These figures describe how many messages can be sent in a second; higher is better.
Y-axis is operations per second, and X-axis is the number of pairs.
The left figure shows about unbounded channel, and the right figure
shows about bounded channel.

As shown in these figures, [Crossbeam channel](https://docs.rs/crossbeam-channel/latest/crossbeam_channel/) is the fastest.
In addition to that, [async-std](https://async.rs/) is quite better than [Tokio](https://tokio.rs/) and `std`.

#### PDF

This section shows PDF of latency of channels.

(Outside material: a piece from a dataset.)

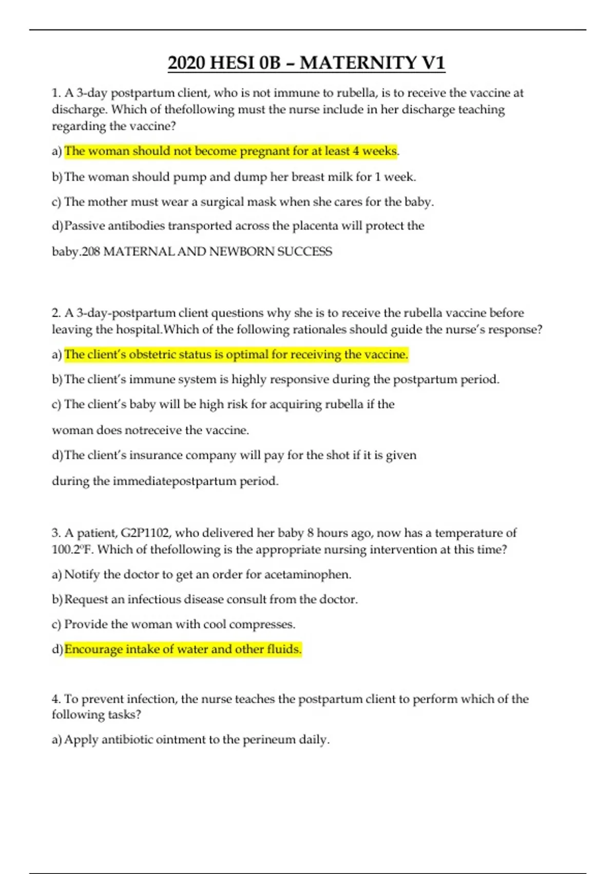 HESI 0B – MATERNITY V1.1. A 3-day postpartum client, who is not immune to rubella, is to receive the vaccine at discharge. Which of the following must the nurse include in her discharge teaching regarding the vaccine? a) The woman should not become pregnant for at least 4 weeks. b) The woman should pump and dump her breast milk for 1 week. c) The mother must wear a surgical mask when she cares for the baby. d) Passive antibodies transported across the placenta will protect the baby. 208 MATERNAL AND NEWBORN SUCCESS 2. A 3-day-postpartum client questions why she is to receive the rubella vaccine before leaving the hospital. Which of the following rationales should guide the nurse’s response? a) The client’s obstetric status is optimal for receiving the vaccine. b) The client’s immune system is highly responsive during the postpartum period. c) The client’s baby will be high risk for acquiring rubella if the woman does not receive the vaccine. d) The client’s insurance company will pay for the shot if it is given during the immediate postpartum period.

You can see PDF from [https://ytakano.github.io/async_bench/](https://ytakano.github.io/async_bench/).

##### Unbounded Channel

![pdf of unbounded channel](https://ytakano.github.io/async_bench/1%20to%201%20(unbounded)/violin.svg)

This figure shows PDF of latency of 10,000 x N operations.
N is the number of pairs.
Y-axis is channel, and X-axis is latency.
As shown in this figure, [async-std](https://async.rs/)'s jitter is high when contention is low.
[Crossbeam channel](https://docs.rs/crossbeam-channel/latest/crossbeam_channel/) achieves low jitter.

##### Bounded Channel

![pdf of bounded channel](https://ytakano.github.io/async_bench/1%20to%201%20(bounded)/violin.svg)

This figure shows PDF of latency of 10,000 x N operations.
N is the number of pairs.
Y-axis is channel, and X-axis is latency.
Similar to the unbounded channels,
[async-std](https://async.rs/)'s jitter is high when contention is low.
On the other hand, [Tokio](https://tokio.rs/)'s jitter is low.
From a view point of jitter, [Tokio](https://tokio.rs/) is better than [async-std](https://async.rs/).

### Many-to-one

I evaluated many-to-one communications using bounded channel, which means N senders and 1 receiver.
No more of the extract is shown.